Beck closed the door between the bedroom and the sitting room, ready to offer North a whispered tongue-lashing, but the expression on North’s face stopped him.

“Allie? Polly?”

“No, lad.” North’s eyes, usually so guarded and mocking, held regret. “Your dear papa has gone to his reward, and I fear it is my sad duty to be the first to address you as Reston.”

“Papa?”

“I am so sorry, Beckman.”

“It isn’t… unexpected.” But Beck’s lungs were fighting to draw breath, and his hands had a sudden sensation of emptiness. His guts felt empty; his life felt empty.
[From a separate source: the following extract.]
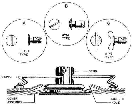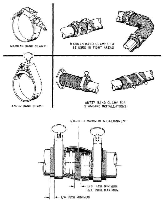 Figure 2-12.Dzus fastener. Some of the most commonly used plain-band couplings are shown in figure 2-13. When you install a hose between two duct sections, the gap between the duct ends should be a minimum of 1/8 of an inch and a maximum of 3/4 of an inch. When you install the clamps on the connection, the clamp should be 1/4 of an inch from the end of the connector. Misalignment between the ducting ends should not exceed 1/8 of an inch.Marman clamps are commonly used in ducting systems and should be tightened to the torque value indicated on the coupling. Tighten all couplings in the manner and to the torque value specified on the clamp or in the applicable maintenance instruction manual.When you install flexible couplings, such as the one shown in figure 2-14, the following steps are recommended to assure proper security:1. Fold back half of the sleeve seal and slip it onto the sleeve.

“The rider from Linden is in the kitchen,” North went on, gaze on a carrying candle flickering on the low table. “He said your brother Ethan and your sister Nita were with the earl, but the old fellow just slipped away quietly in his sleep. The funeral will be on Friday.”

“I want…”

“Anything you need,” North replied. “Name it.”

He wanted his papa. Wanted another acerbic lecture assuring him his father loved him, forgave him his many shortcomings, would be there to forgive him again when he stumbled, because Beck always, eventually, stumbled. And the earl always found some way for him to redeem himself, to allow them both the fiction that someday, the stumbling would be over.

“Beck.” North laid a hand on Beck’s arm, and it was enough—one simple gesture of caring from a man who lived a study of indifference was enough—to make the earl’s death more real.

Beck shook his head at nothing in particular, but when he felt North draw him closer, he leaned on his friend.

“I’m having Soldier and Ulysses saddled,” North said. “You can be at Linden before dawn, and the baron’s stables will provide remounts. You can make that funeral if you leave now and the clouds don’t obscure the moon.”

Beck pulled away, though he wanted to cling, curse, or possibly put out North’s lights. “Gabriel, I don’t want to go.”

North nodded, a world of sympathy in his expression. “You don’t want to, but you need to. I’ll pack your clothes. Polly is putting you together some food. You might want to say something to Sara.”

Beck glanced at his bedroom door. What would he say?

“Let’s get you dressed,” North suggested. North did most of the dressing, while Beck stood there, silent and passive. “You know the roads between here and Kent?”

“I do.”

“You going to wake Sara up?” North tied a simple knot in Beck’s neckcloth. “I can wake her, if you’d rather.”